MongoDB – Geospatial Queries

Filed under: MongoDB — Brian @ 10:11 pm
Tags: , ,

Most of the data we work with has geographic longitude/latitude information so we have recently started exploring doing some work with geospatial queries using different database technologies (MySQL, Oracle). We currently use MongoDB as our primary data store and we were surprised to find out that MongoDB already has this functionality built in. After doing some reading we also realized that it handles each of our use cases. Even though we use MongoDB everyday, we just never thought a document store would come with this functionality. For more information go to MongoDB Geospatial Indexing.

Download and Setup MongoDB

For this tutorial, we will just use the MongoDB interactive shell for interacting with the database because it is simple. There is no need to complicate this example by using the MongoDB Scala or Python drivers. They are simple to use once you gain an understanding of MongoDB. The basics are that MongoDB is a document store, data is stored as JSON documents, and queries are made by using subsets of the JSON from the documents you wish to match, with query commands mixed in.

Download MongoDB (Downloads):

wget http://fastdl.mongodb.org/osx/mongodb-osx-x86_64-2.0.0.tgz
tar -zxvf mongodb-osx-x86_64-2.0.0.tgz

Create a folder for MongoDB to store it’s database files (We are just using the default location for this example):

mkdir -p /data/db

NOTE: On windows this would be “C:\data\db”.

Start the MongoDB database:

cd mongodb-osx-x86_64-2.0.0/bin
./mongod

MongoDB provides an interactive shell which can be used to query your MongoDB database.
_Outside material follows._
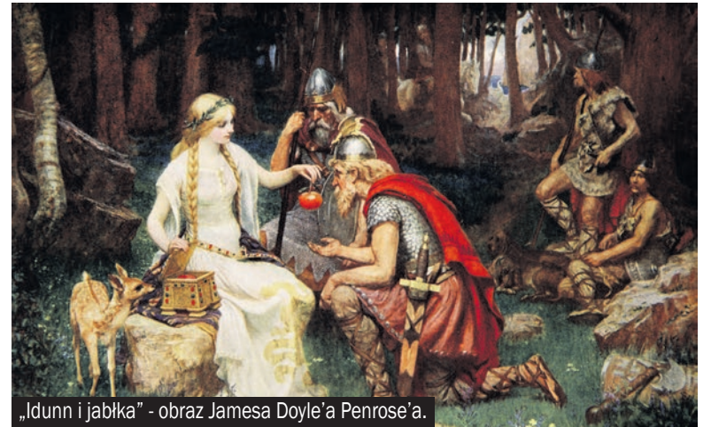
„Idunn i jabłka” - obraz Jamesa Doyle'a Penrose'a.

W przedchrześcijańskiej mitologii Słowian Południowych, zwłaszcza u Chorwatów, Serbów i Słowenów,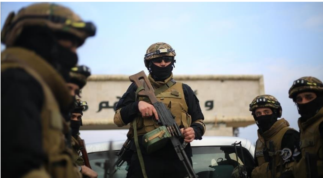
عناصر من الجيش السوري شرق الفرات

في المقابل، اتهمت قوات سوريا الديمقراطية الحكومة السورية بشن هجمات على قواتها في مناطق عين عيسى والشاددة والرقة، مشيرة إلى اشتباكات عنيفة على محيط سجن الأقطان الذي يضم معتقلي تنظيم داعش، في تطور

For the rest of this tutorial, we will use the interactive shell.

Start the interactive shell:

cd mongodb-osx-x86_64-2.0.0/bin
./mongo
MongoDB shell version: 2.0.0
connecting to: test
>

You should see the shell start up and display “connecting to: Test”. This means you are connected to the default database “Test” which will be fine for this tutorial.

That’s all, we are ready to explore geospatial querying in MongoDB!
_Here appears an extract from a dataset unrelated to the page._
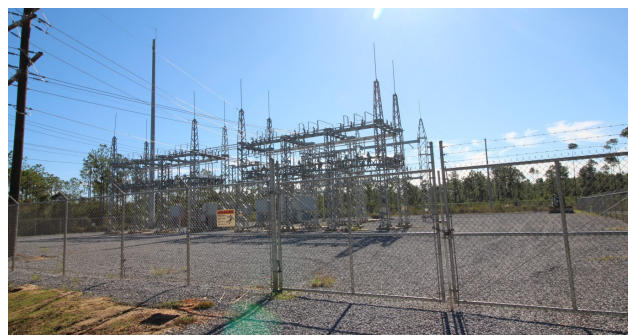
Poste de Singing River Electric situé dans le complexe industriel

Geospatial indexes and queries

Let’s for these examples assume we are creating a database for a website where a customer can browse and search for automotive dealerships in a given area by different types of map configurations. Let’s explore the most common use cases for retrieving dealership information by a geospatial query.

Defining documents with geospatial co-ordinates

The latitude/longitude elements in a document must be stored in a field called “loc” and follow a certain format. Either it can be stored as an array of two elements such as “loc:[51,-114]” or as a dictionary with two elements such as “loc:{lat:51,lon:-114}”. I decided to use the dictionary since it more closely matches our existing data. So let’s create some documents for car dealerships that each contain latitude/longitude information.

db.dealerships.save({"name":"Frank's Fords", "affiliation":"Ford", "loc":{"lon":51.10682735591432,"lat":-114.11773681640625}})
db.dealerships.save({"name":"Steve's Suzukis", "affiliation":"Suzuki", "loc":{"lon":51.09144802136697,"lat":-114.11773681640625}})
db.dealerships.save({"name":"Charlie's Chevrolets", "affiliation":"Chevrolet", "loc":{"lon":51.08282186160978,"lat":-114.10400390625}})
db.dealerships.save({"name":"Nick's Nissans", "affiliation":"Nissan", "loc":{"lon":51.12076493195686,"lat":-113.98040771484375}})
db.dealerships.save({"name":"Tom's Toyotas", "affiliation":"Toyota", "loc":{"lon":50.93939251390387,"lat":-113.98040771484375}})

Create the geospatial index

Now, inorder to query by geo co-ordinates, we need to create an index over the “loc” field of our dealership documents.

db.dealerships.ensureIndex({loc:"2d"})

Common Use Cases

What if I want the two dealerships closest to a specific co-ordinate?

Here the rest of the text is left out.